Model download authentication (HF token)

Models download via llama-cli -hf <id>, which is a single-stream libcurl fetch from the Hugging Face CDN. Hugging Face's response headers explicitly ask for a token "to enable higher rate limits and faster downloads," and rate-limits unauthenticated traffic.

HuggingFaceTokenService.fetchToken() fetches a token from https://accountycat.com/api/hf-token (override with AC_HF_TOKEN_ENDPOINT), caches it in memory for an hour, and returns nil on any failure. installRuntime fetches it and passes it to warmUpRuntime, which only sets HF_TOKEN in the llama.cpp env when non-empty. No token → unauthenticated download, identical to the prior behavior — a server outage or missing key never blocks setup.

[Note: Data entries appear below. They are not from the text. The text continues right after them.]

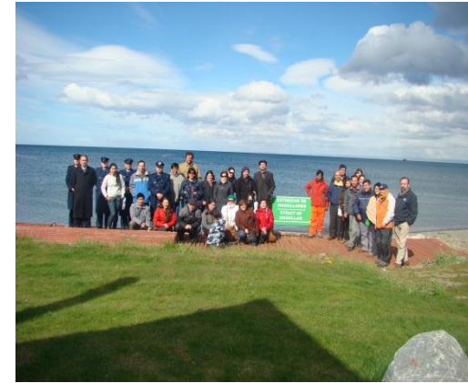
Visita a Museo de Sitio Nao Victoria.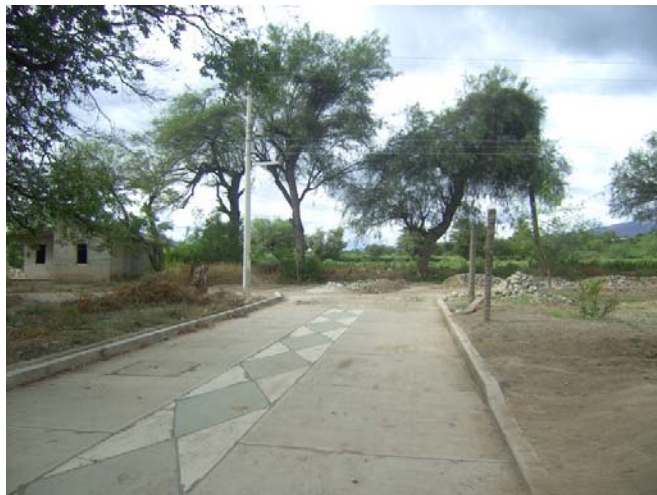
Foto 11. Acceso lateral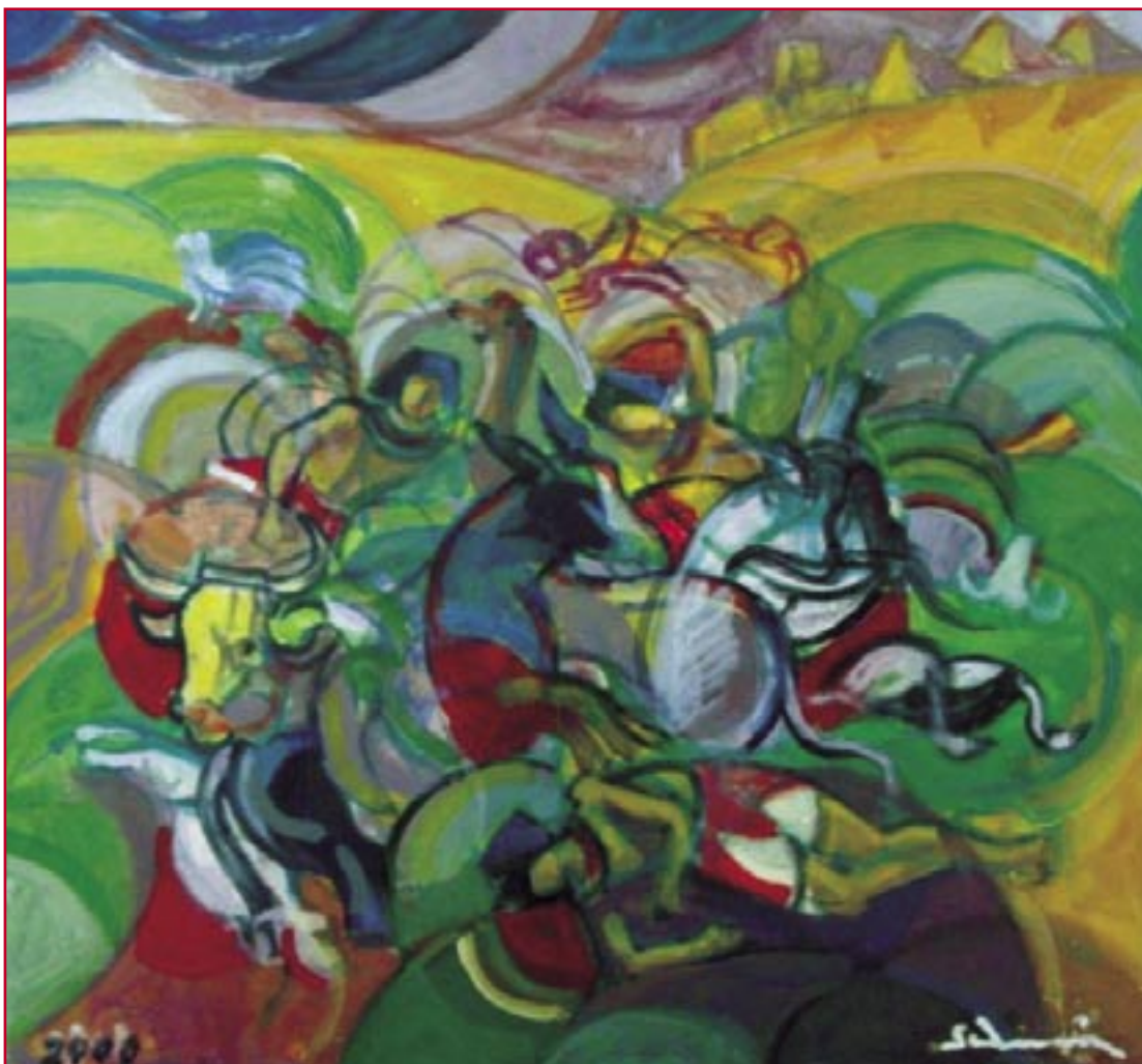
La peste - Le dieci piaghe di Pesach (2000) - cm. 47x51,5

Server contract: a 200 JSON body { "token": "hf_..." } enables auth; anything else (including 204) → unauthenticated fallback. The app sends an X-AC-Install header (the per-install id) so the endpoint can rate-limit abuse via Upstash if desired.

The token must be fine-grained, read-only, public-repos-only. It is effectively public (any user can extract it from the endpoint), so it guards only access to files that are already public — a leak exposes nothing private; worst case the server rotates it. Never use a write-scoped or account-wide token here.

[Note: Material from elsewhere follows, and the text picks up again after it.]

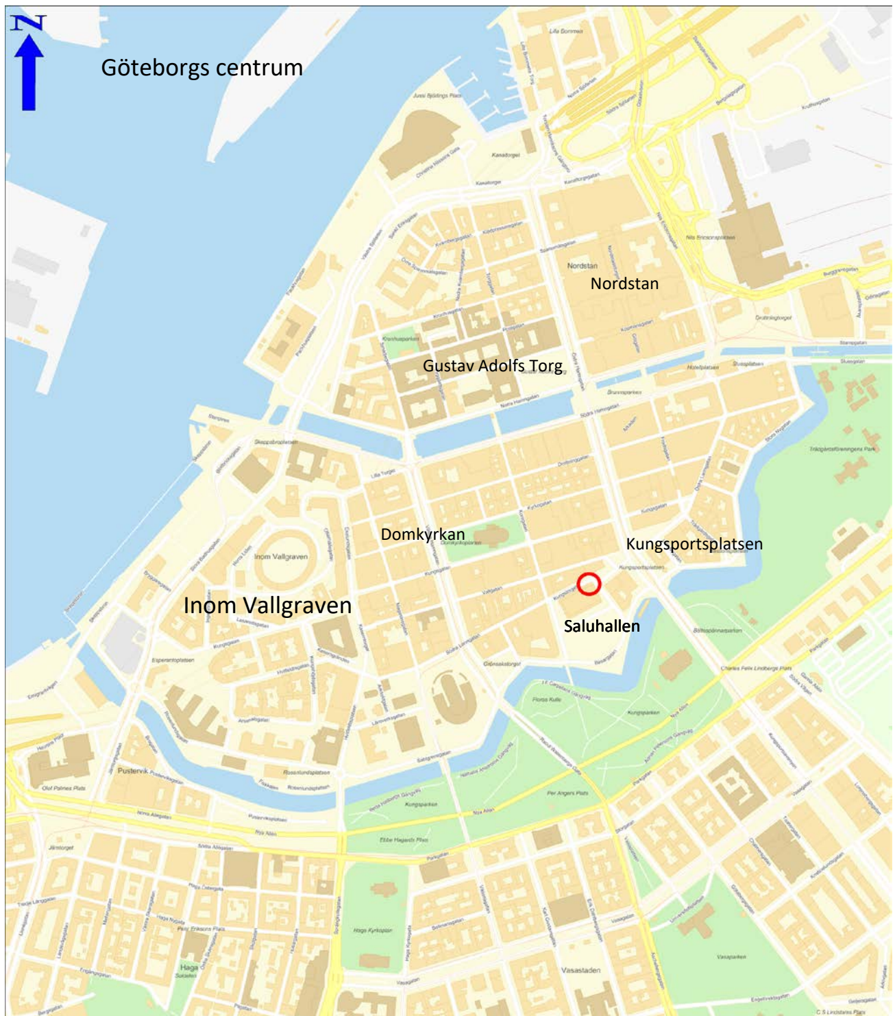
Figur 2. Karta som visar Göteborgs centrala delar samt platsen för schaktningsövervakningen vid Saluhallen markerad med röd ring.

Measured download throughput is logged to the activity log as setup-download-speed (X MB in Ys (Z MB/s) [authenticated|unauthenticated]) on real downloads only, so we can tell in the wild whether users are throttle-capped or pipe-limited. Note: unauthenticated speed is highly variable (measured 1.4–6.8 MB/s on the same file/connection), so the token is a cheap insurance/rate-limit win, not a guaranteed speedup — let the telemetry decide whether it's worth deeper investment (e.g. a self-hosted mirror).

Setup Guardrails

When changing first run or setup, preserve all of these:

free-disk-space verification before large writes
cleanup of interrupted downloads / partial state
user-readable subprocess failures
an explicit "setup is done" signal
cancellable installs: switching away from Local (or to another tier whose model is already present) must actually stop an in-flight install, not just orphan it

Setup bugs are high-impact because they block the whole product.

Install cancellation

RuntimeSetupService.runStreaming wraps the subprocess wait in withTaskCancellationHandler and calls process.terminate() on cancel, then throws CancellationError. Swift task cancellation is cooperative, so without the explicit terminate the git / cmake / llama-cli subprocess would keep running to completion after the user switched away — leaving installingRuntime == true, which pins setupStatus at .installing until an app restart.

AppController.cancelRuntimeInstall() is the single entry point that cancels the install task, stops byte-progress polling, and resets installingRuntime + all setupProgress* / setupDownloaded/TotalBytes state. It is invoked from updateMonitoringInferenceBackend (switch to OpenRouter) and the local-tier-change path in applyTierToActiveBackend. The install task's own cancellation branch deliberately leaves these flags for the canceller to reset.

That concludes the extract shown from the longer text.